PROBLEM DESCRIPTION
Below are several records. Retype exactly those lines running from the one with "- খাদানে শ্রমিকরা মাটি কাটেন।" through the one with "Explore endless creative", end lines included, and no others.

DATASET EXTRACT
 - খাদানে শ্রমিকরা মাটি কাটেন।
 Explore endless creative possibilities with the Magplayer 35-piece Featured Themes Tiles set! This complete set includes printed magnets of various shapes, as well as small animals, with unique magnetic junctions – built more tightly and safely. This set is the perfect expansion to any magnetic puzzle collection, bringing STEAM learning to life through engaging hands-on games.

* * *

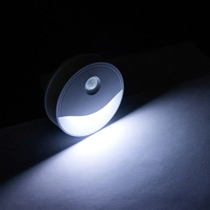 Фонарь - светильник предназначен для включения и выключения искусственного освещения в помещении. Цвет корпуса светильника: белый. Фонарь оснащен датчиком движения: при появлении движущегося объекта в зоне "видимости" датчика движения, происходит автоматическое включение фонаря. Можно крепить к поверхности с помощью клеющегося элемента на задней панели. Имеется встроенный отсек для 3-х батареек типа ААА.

==

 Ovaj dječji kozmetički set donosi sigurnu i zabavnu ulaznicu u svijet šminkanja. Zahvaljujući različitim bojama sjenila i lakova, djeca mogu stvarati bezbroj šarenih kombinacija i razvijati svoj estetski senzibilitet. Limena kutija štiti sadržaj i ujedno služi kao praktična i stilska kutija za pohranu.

ANSWER BELOW
 - খাদানে শ্রমিকরা মাটি কাটেন।
 Explore endless creative possibilities with the Magplayer 35-piece Featured Themes Tiles set! This complete set includes printed magnets of various shapes, as well as small animals, with unique magnetic junctions – built more tightly and safely. This set is the perfect expansion to any magnetic puzzle collection, bringing STEAM learning to life through engaging hands-on games.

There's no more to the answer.